Golden Guitar, Falling Trees, and a Navy Bodyguard

You can’t leave Tamworth without a visit to the Golden Guitar so before we made our departure we popped in to see the huge instrument and visit the underwhelming visitor centre. We also swung by the local camera shop as Matt has made a couple of comments about wanting some decent binoculars to look at wildlife because apparently holding up my 3kg camera and looking through the lens of a device you have no knowledge of how to use is “annoying”, go figure. I thought that a camera shop in the country where most of the customers would be farmers would probably have some good quality binoculars that weren’t too expensive, an assumption paid off and he walked out with a great set for just over $100. Cheers Tamworth!

We stopped for lunch and so that Matt could make a work call in a small town called Walcha.

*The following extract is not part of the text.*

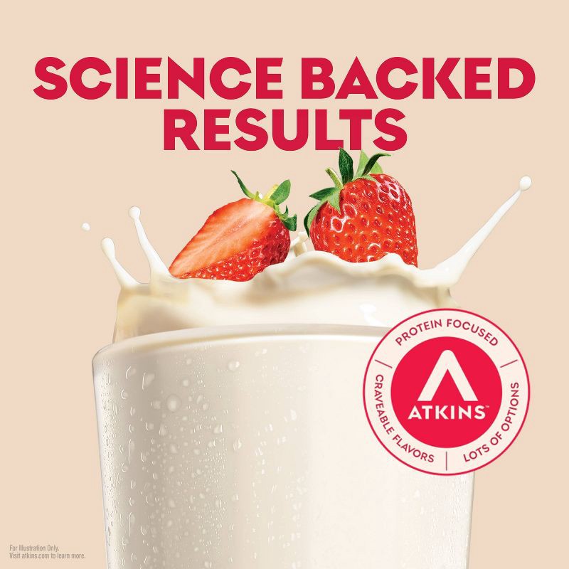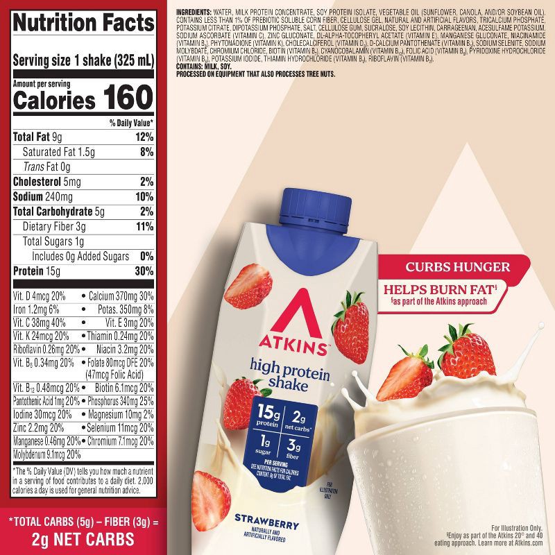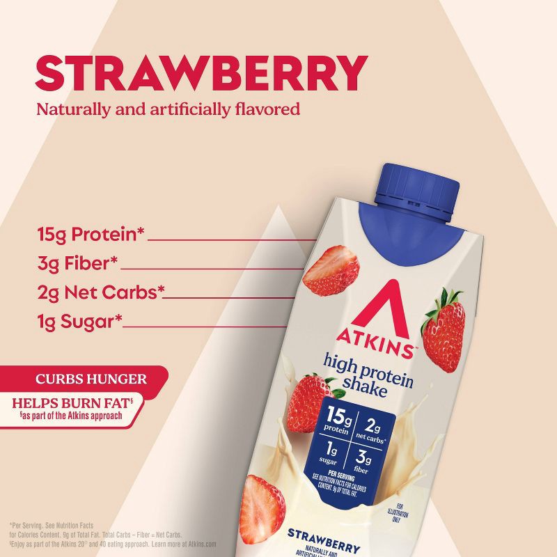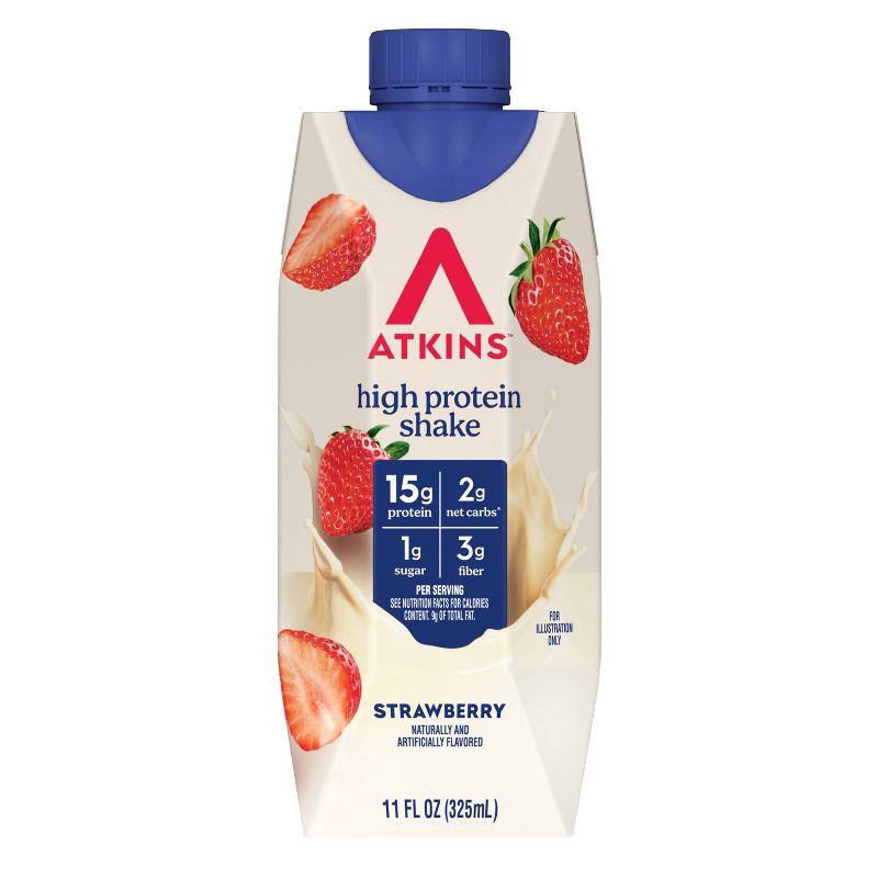 - AT HOME OR ON-THE-GO. Atkins Strawberry Protein Shakes. Enjoy delicious shakes that fit right into your busy schedule,With 15g of protein, 2g of net carbs, and 1g of sugar per serving*. This is Today's Atkins™.

While he spoke with his colleagues I had a wander around the small Main Street popping into the CWA/Craft shop and having a chat with the ladies in there as well as taking in some of the frankly bizarre art that was scattered along the road. My favourite piece was the fountain in the park where a bronze and very serious looking naked man and woman stood under a tin roof which was being showered with water by a series of bowls attached to a spiralling piece of metal. The only sign that could indicate to the viewer what on earth they might be looking at simply read “slippery when wet”…something that I didn’t think needed to be said when referring to a fountain. Just up the road we rescued and rehomed yet another horny turtle (I’ve recently learnt most of the wanderers are males looking for new women to mate with) and then drove out to Apsley Falls where we set up camp and indulged in a free firewood fire.

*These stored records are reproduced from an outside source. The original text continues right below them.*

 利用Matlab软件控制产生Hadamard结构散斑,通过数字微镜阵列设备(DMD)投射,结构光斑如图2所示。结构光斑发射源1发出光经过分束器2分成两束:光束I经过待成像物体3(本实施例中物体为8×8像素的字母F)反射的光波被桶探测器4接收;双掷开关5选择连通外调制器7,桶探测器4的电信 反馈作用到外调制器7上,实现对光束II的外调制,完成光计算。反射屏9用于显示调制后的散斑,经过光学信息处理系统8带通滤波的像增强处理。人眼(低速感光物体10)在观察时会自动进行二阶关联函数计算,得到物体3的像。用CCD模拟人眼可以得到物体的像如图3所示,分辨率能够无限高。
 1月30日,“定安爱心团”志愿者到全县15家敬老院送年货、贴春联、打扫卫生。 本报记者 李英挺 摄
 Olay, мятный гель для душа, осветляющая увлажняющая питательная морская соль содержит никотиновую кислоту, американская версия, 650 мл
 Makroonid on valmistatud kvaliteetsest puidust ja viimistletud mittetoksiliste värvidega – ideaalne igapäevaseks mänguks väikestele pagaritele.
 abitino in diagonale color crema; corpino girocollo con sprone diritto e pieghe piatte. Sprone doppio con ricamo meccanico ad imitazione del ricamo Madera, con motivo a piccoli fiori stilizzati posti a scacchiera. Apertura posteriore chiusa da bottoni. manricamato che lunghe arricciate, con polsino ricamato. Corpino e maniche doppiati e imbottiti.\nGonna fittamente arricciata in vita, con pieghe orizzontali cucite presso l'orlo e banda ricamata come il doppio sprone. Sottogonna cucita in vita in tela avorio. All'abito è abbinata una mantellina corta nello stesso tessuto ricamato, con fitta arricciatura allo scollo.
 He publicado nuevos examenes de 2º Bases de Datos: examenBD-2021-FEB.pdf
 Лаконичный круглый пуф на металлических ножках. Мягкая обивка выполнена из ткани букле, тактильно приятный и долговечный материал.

The next morning we completed the walking track to multiple lookouts around the plunging cascades. The falls were at full strength and it didn’t seem to matter what part of the track we were on there was a constant swirling mist around us. The falls themselves were hands down the best waterfalls I’ve ever seen both tumbling well over 50m into deep brown pools below. It made the afternoon waterfall Tia look a bit lame in comparison. That night we put up our very wet awning in Oxley Wild Rivers National Park campground called Mooraback which is the most leach infected place I have ever visited. Even with my hiking boots on and socks tucked into my pants they still managed to crawl up my legs and I found myself having to stop every 5m to shake the buggers off. That night we had another unpleasant surprise when a tree came crashing down into the fortunately empty site next to ours. I nearly pooped my pants lying in the van and hearing that horrible cracking creaking sound that I know full well comes before the earth shaking bang a tree makes, my panicked brain strained trying to remember if I’d done my usual check of trees nearby the maximise our safety, I had. On Saturday morning we woke up to yet more mizzle (mist and drizzle) and packed up our wet gear. By now we’d had over a week of almost constant rain and we were both completely over it and both constantly damp, neither of us took much convincing to give up on New England and head to the coast to spend some time in a house with Matt’s mate Sheep but we decided to make it a bit interesting and made our way there via a 4WD track through Werrikimbe National Park.

In our “Best 100 Australian 4WDs” book the track was touted as having incredible forests and views but sadly the incredible forests had burnt away and the views were shrouded in mist. We pressed on until at almost the end of the track we were stopped by a deep fast flowing creek and had to go back out the way we went in. After that muck around and then a side trip to the biggest blood redwood in Australia we realised we wouldn’t make it the whole way to Newcastle and I found what I thought would be a good rest stop in the Showgrounds in Taree. The facilities were nice, the care taker was friendly, and we immediately hit it off with an older navy bloke and his wife and dogs that were parked up on the soggy ground. He told us all about his time in the navy and the shenanigans he got up to and later that night when some drug addled blokes started wandering around the Showgrounds shouting abuse at non-existent foes he came over and offered to protect us which was beyond kind even if I was a bit skeptical that a 70yo bloke that was shorter than me could take on a raging meth head. We turned in early to get out of the rain and settled down for what turned out to be a very peaceful sleep.

Campsite Reviews

Apsley Falls – Amazing campsite next to a spectacular waterfall with free wood. Matt and I are both really enjoying the NSW national park sites. The only thing that would make it better would be a shower but I guess you can go near the waterfall for that. $6pp/pn – 8/10.

Mooraback – You know a campsite is in a beautiful spot when it is raining, full of leeches and a tree tries to fall on you but you still loved staying there. I would recommend going when it isn’t raining because it was flipping cold. $6pp/pn – 8/10.

Taree Showground – Aw man, I wish I could give this place a better rating because the campsite manager was lovely but the show ground was very grim and the town was even worse. You couldn’t pay either of us to go back there. $20pn – 3/10.